The Wall Street Journal revealed on Friday that the United States is considering reopening a bilateral diplomatic channel with Iran – through which negotiations would be conducted by what the outlet described as a “secret” team:
The White House secretly used this bilateral track last year to reach an interim deal with Iran in November that froze parts of its nuclear activities in return for a temporary easing of Western economic sanctions.
The stealth American team was led by Deputy Secretary of State William Burns and Jake Sullivan, national security adviser for Vice President Joe Biden. Their meetings with Iranian negotiators clandestinely took place in Oman, New York and Geneva, without the knowledge of the U.S.’s closest Middle East allies including Israel and Saudi Arabia.
The news was sourced to both American and European officials “involved in the diplomacy” surrounding Iran’s atomic program. The news may deepen the quite open concerns of American allies in the Middle East regarding Washington’s intentions, just a week after Secretary of Defense Chuck Hagel had been dispatched to reassure Riyadh and Jerusalem that U.S. diplomats would not accept a deal that left the Iranians with the ability to construct nuclear weapons.
Circumventing the current model of multilateral negotiations between the P5+1 global powers and Iran would among other things freeze out France and Britain, and observers are likely to note that French Foreign Minister Laurent Fabius is widely assumed to have blocked an interim deal last November due to what Paris considered unacceptably pro-Iranian terms regarding the country’s plutonium-producing Arak reactor.
Meanwhile the Iranians continue to flatly refuse to discuss rolling back the country’s ballistic missile program, with Iranian Deputy Foreign Minister Abbas Araqchi last week reiterating the country’s repeatedly emphasized stance:
“The Group 5+1 (the US, Russia, China, Britain and France plus Germany) countries insist on negotiations over the missile program (of Iran) due to its inclusion in the (previous UN Security Council) resolutions (against Iran but) we have stated to them that our country’s defense systems are not negotiable,” Araqchi said, addressing a forum of the Islamic Revolution Guards Corps (IRGC) political officials in Tehran on Wednesday.

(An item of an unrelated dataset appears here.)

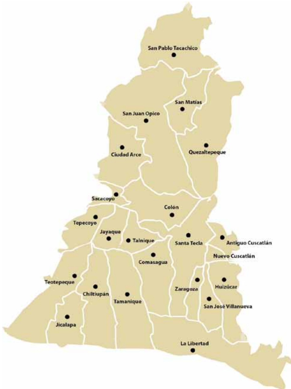
Figura 1. Mapa de municipios del departamento de La Libertad. Al sureste se ubica el municipio Puerto de La Libertad.

“We have announced it very clearly and explicitly and we have never allowed them to start talks about our defense systems and won’t allow them to do so to the end (of the talks with the world powers),” he stressed.

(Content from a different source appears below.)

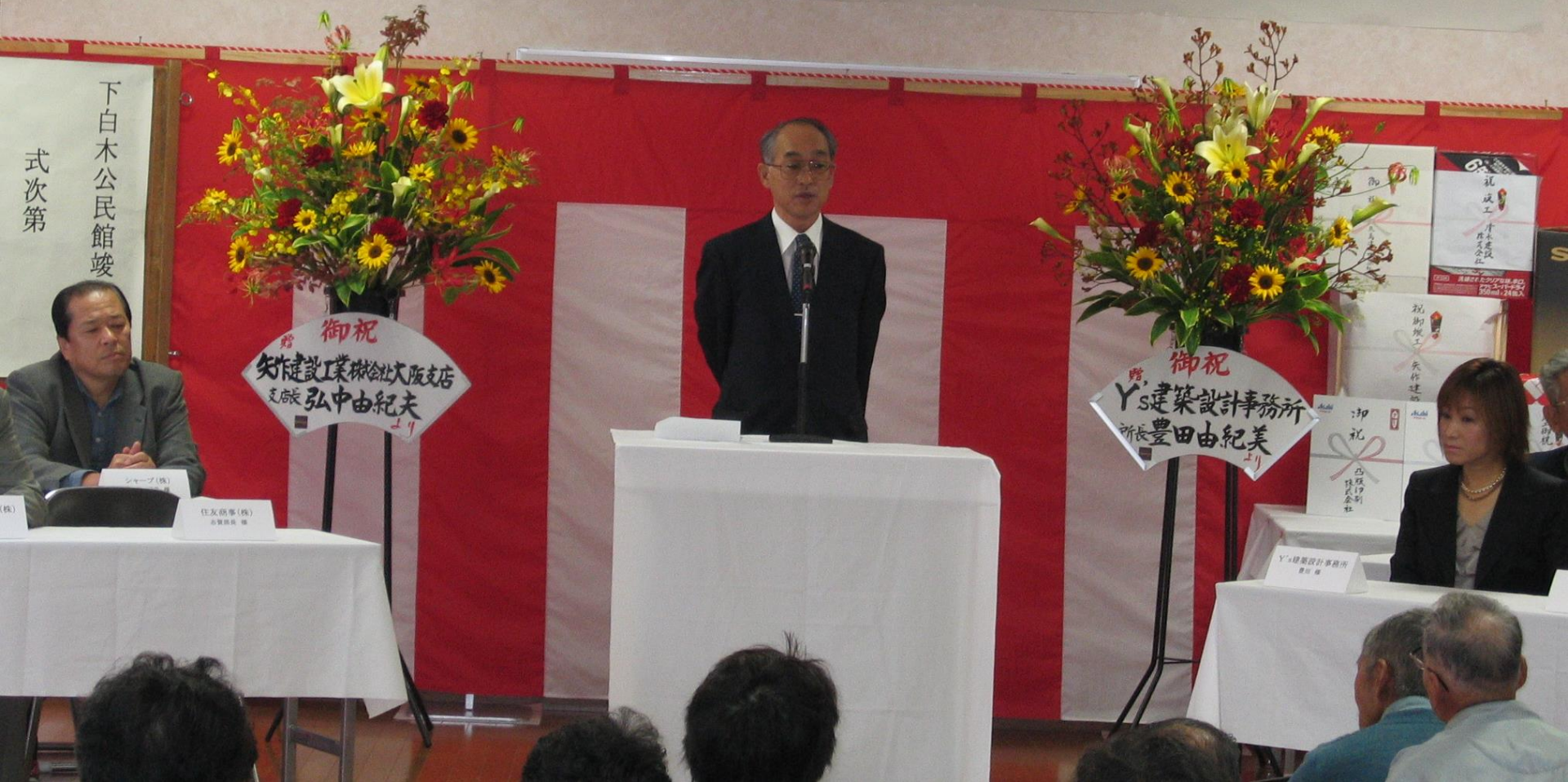
平成17年 下白木公民館竣工式

Obama administration officials had been explicit in telling lawmakers and the public that Iran would be forced to address its international obligations to halt ballistic missile development in the context of comprehensive negotiations, but have in recent days been telling reporters that they no longer have a “checklist” that Iran will be forced to meet, but rather a “package of the combination of elements.’